╔══
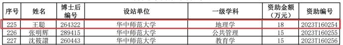 近日,中国博士后科学基金会公示了2023年度中国博士后科学基金拟资助人员名单。我院地理学博士后流动站王聪博士荣获中国博士后科学基金第16批(站中)特别资助,是我院2019年建站以来首批获得中国博士后科学基金特别资助者,资助金额为18万元。本次公布的中国博士后科学基金第16批特别资助(站中)资助人员中,地理学一级学科共13名博士后获得站中资助;华中师范大学共获批特别资助(站中)项目3项,特别资助(站前)项目1项。
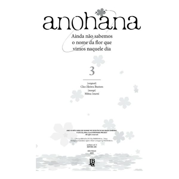 Os Super Peace Busters vão à casa da família Honma para pedirem autorização para a queima dos fogos em homenagem à Menma. No entanto, eles são recepcionados com um triste e duro desabafo da mãe da menina que não consegue aguentar ver os cinco amigos se divertindo às custas da filha. Será que os Busters continuarão com o projeto de lançamento do ‘foguete’? Ou melhor, será que esse é mesmo o desejo da pequena Menma?! Confira neste emocionante volume final de AnoHana!
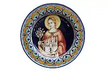 Inside the Civic Museum of San Gimignano there is a wood tabernacle painted by Lorenzo di Niccolò in 1402 depicting Saint Fina holding a model of San Gimignano along with eight scenes of her life and miracles. Another image of Fina is in the nearby church of Sant'Agostino, painted by Benozzo Gozzoli. Other artists depicting the saint's life include Piero del Pollaiuolo and Pier Francesco Fiorentino.
╚══
EXERCISE PROMPT:
The preceding listing is to be restated word for word, with every picture omitted.

RESULT FOR THIS EXERCISE:
 近日,中国博士后科学基金会公示了2023年度中国博士后科学基金拟资助人员名单。我院地理学博士后流动站王聪博士荣获中国博士后科学基金第16批(站中)特别资助,是我院2019年建站以来首批获得中国博士后科学基金特别资助者,资助金额为18万元。本次公布的中国博士后科学基金第16批特别资助(站中)资助人员中,地理学一级学科共13名博士后获得站中资助;华中师范大学共获批特别资助(站中)项目3项,特别资助(站前)项目1项。
 Os Super Peace Busters vão à casa da família Honma para pedirem autorização para a queima dos fogos em homenagem à Menma. No entanto, eles são recepcionados com um triste e duro desabafo da mãe da menina que não consegue aguentar ver os cinco amigos se divertindo às custas da filha. Será que os Busters continuarão com o projeto de lançamento do ‘foguete’? Ou melhor, será que esse é mesmo o desejo da pequena Menma?! Confira neste emocionante volume final de AnoHana!
 Inside the Civic Museum of San Gimignano there is a wood tabernacle painted by Lorenzo di Niccolò in 1402 depicting Saint Fina holding a model of San Gimignano along with eight scenes of her life and miracles. Another image of Fina is in the nearby church of Sant'Agostino, painted by Benozzo Gozzoli. Other artists depicting the saint's life include Piero del Pollaiuolo and Pier Francesco Fiorentino.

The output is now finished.